Making vinegar from excess carbon dioxide could reduce emissions
Monash University’s chemical engineers have developed an industrial process to produce acetic acid that uses the excess carbon dioxide (CO2) in the atmosphere, potentially creating negative carbon emissions.
Acetic acid is used in several industrial processes and is an ingredient in household vinegar, vinyl paints and some glues. There is an estimated worldwide industrial demand of 6.5 million tonnes per year.
The research, published in Nature Communications, shows that acetic acid can be made from captured CO2 using an economical solid catalyst to replace the liquid rhodium or iridium based catalysts currently used.
Liquid catalysts require additional separation and purification processes. Using a solid catalyst made from a production method that doesn’t require further processing also reduces emissions.
Akshat Tanksale, lead researcher, said CO2 is the main cause of global warming and climate change, and there is an urgent need to actively remove it from the atmosphere and convert it into products that do not release the captured CO2 back into the atmosphere.

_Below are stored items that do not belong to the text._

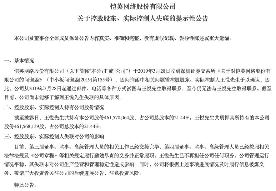 恺英网络在公告中称,公司3月28日收到深交所问询函,因问询函中相关问题需王悦确认,因此从3月28日起通过邮件、电话等各种方式试图与王悦取得联系,但未果。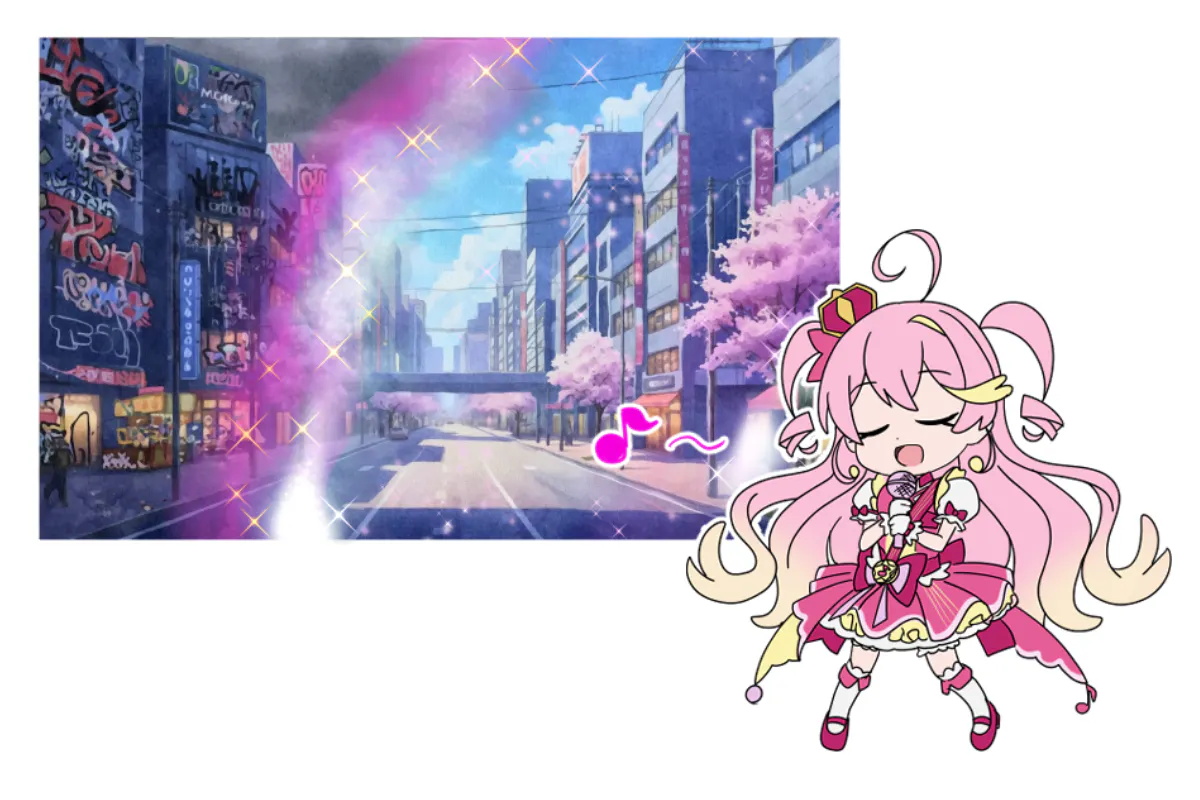 また、魔法少女作品でよく見られる「戦いの後に謎の光で街が元どおりになる」演出を、本作では 「世界観そのものを変える能力」として描写します。これは、コンテンツの価値観が社会全体に与える影響のメタファーです。悪者軍団も抵抗活動と称してゲリラライブなどをすると、背景作画がそのキャラに合ったものに変わります。主人公・ノエルはその力を使い、世界を闇に染めようと活動します。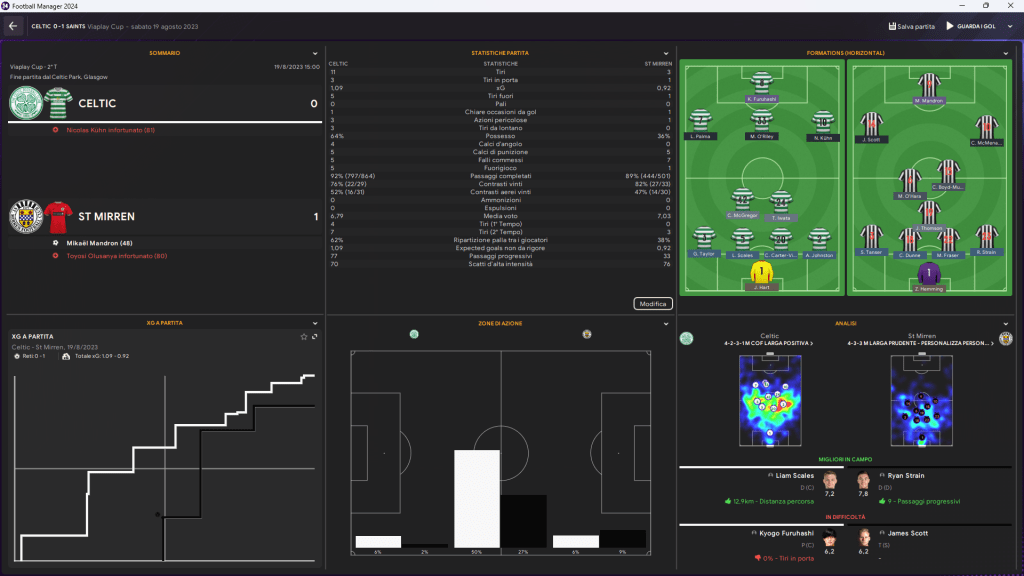 “Insoddisfatto del primo tempo, troppo brutto e l’ho fatto notare all’intervallo ai ragazzi. Il St. Johnstone chiudeva bene tutti gli spazi e noi siamo stati molto imprecisi negli appoggi e nelle verticalizzazioni, infatti abbiamo subito diversi contropiedi rischiando anche di subire più gol. Nel secondo tempo ho messo Clarkson più in propensione offensiva sulla destra per sfruttare le sue qualità, e nel complesso tutti hanno fatto meglio. C’è da migliorare l’approccio alla gara dall’inizio e dobbiamo farlo subito visto che tra pochi giorni abbiamo la durissima partita contro la Dinamo Zagabria in Europa League“

The researchers first created a class of material called the metal organic framework (MOF), which is a highly crystalline substance made of repeating units of iron atoms connected with organic bridges. They then heated the MOF to break those bridges, allowing iron atoms to come together and form particles a few nanometres in size. The iron nanoparticles are then embedded into a porous carbon layer, making them highly active while remaining stable in harsh reaction conditions.
The process will be more efficient and cost-effective from an industrial point of view. From an environmental perspective, it offers an opportunity to significantly improve current manufacturing processes that pollute the environment.
In collaboration with the Australian Research Council (ARC) Research Hub for Carbon Utilisation and Recycling, the researchers are currently developing the process for commercialisation.